**Task prompt**
The copy should hold exactly the lines below from the one that contains "À tarde, na" through the one that contains "- Temporal Tracking" and nothing else, so no pictures.
[Opening Record extracts section]
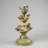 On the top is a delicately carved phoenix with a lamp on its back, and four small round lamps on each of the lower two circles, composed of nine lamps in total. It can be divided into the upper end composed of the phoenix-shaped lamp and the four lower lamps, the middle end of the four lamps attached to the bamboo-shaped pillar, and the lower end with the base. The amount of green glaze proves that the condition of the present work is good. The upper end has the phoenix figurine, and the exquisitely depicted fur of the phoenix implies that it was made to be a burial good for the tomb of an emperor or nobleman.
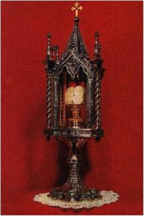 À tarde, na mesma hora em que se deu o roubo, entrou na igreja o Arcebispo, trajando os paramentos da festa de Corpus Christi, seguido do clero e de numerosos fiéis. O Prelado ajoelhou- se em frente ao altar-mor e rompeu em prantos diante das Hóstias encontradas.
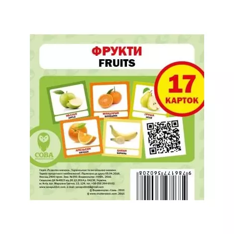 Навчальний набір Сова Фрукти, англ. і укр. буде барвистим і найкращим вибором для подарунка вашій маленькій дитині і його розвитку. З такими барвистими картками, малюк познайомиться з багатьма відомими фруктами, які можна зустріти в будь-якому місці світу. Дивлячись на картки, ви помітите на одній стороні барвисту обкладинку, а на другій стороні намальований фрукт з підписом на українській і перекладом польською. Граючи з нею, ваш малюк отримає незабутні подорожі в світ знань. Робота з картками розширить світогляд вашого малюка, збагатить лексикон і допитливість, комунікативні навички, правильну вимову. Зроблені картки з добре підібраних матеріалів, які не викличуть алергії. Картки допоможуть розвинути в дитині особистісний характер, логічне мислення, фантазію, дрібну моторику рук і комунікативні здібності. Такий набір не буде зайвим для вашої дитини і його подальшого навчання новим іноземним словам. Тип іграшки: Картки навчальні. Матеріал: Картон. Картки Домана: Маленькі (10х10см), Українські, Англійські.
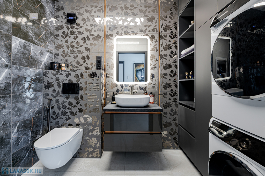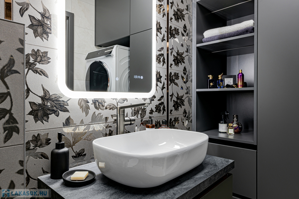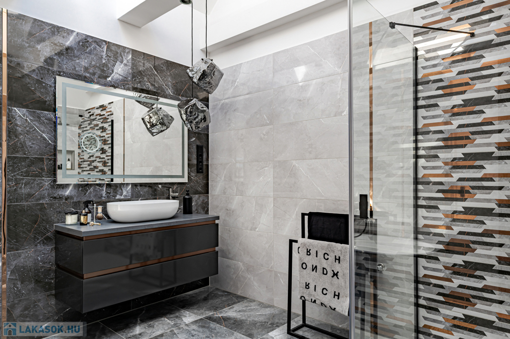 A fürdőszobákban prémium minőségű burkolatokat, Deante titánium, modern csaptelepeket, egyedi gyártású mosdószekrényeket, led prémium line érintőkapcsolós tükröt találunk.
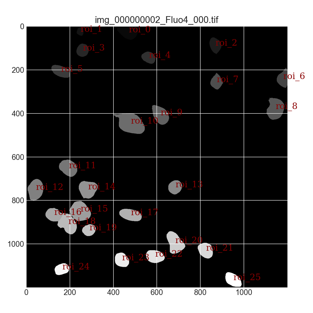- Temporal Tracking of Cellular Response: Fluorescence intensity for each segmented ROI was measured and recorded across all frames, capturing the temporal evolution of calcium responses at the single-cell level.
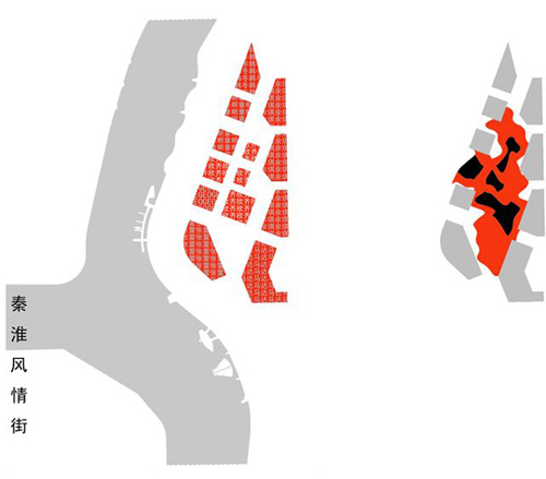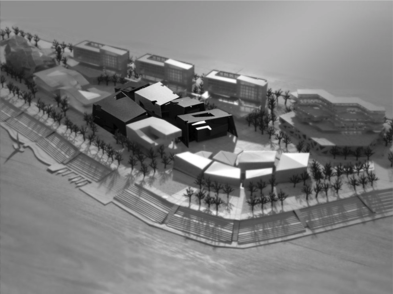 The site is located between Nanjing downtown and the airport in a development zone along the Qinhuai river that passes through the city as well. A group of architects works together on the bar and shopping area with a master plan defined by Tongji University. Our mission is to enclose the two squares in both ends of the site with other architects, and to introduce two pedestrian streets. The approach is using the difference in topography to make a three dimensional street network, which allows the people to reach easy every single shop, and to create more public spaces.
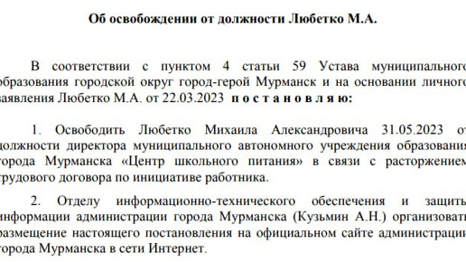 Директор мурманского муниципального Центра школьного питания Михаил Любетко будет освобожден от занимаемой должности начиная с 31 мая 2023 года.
[Closing Record extracts section]
**Response to the exercise**
 À tarde, na mesma hora em que se deu o roubo, entrou na igreja o Arcebispo, trajando os paramentos da festa de Corpus Christi, seguido do clero e de numerosos fiéis. O Prelado ajoelhou- se em frente ao altar-mor e rompeu em prantos diante das Hóstias encontradas.
 Навчальний набір Сова Фрукти, англ. і укр. буде барвистим і найкращим вибором для подарунка вашій маленькій дитині і його розвитку. З такими барвистими картками, малюк познайомиться з багатьма відомими фруктами, які можна зустріти в будь-якому місці світу. Дивлячись на картки, ви помітите на одній стороні барвисту обкладинку, а на другій стороні намальований фрукт з підписом на українській і перекладом польською. Граючи з нею, ваш малюк отримає незабутні подорожі в світ знань. Робота з картками розширить світогляд вашого малюка, збагатить лексикон і допитливість, комунікативні навички, правильну вимову. Зроблені картки з добре підібраних матеріалів, які не викличуть алергії. Картки допоможуть розвинути в дитині особистісний характер, логічне мислення, фантазію, дрібну моторику рук і комунікативні здібності. Такий набір не буде зайвим для вашої дитини і його подальшого навчання новим іноземним словам. Тип іграшки: Картки навчальні. Матеріал: Картон. Картки Домана: Маленькі (10х10см), Українські, Англійські.
 A fürdőszobákban prémium minőségű burkolatokat, Deante titánium, modern csaptelepeket, egyedi gyártású mosdószekrényeket, led prémium line érintőkapcsolós tükröt találunk.
- Temporal Tracking of Cellular Response: Fluorescence intensity for each segmented ROI was measured and recorded across all frames, capturing the temporal evolution of calcium responses at the single-cell level.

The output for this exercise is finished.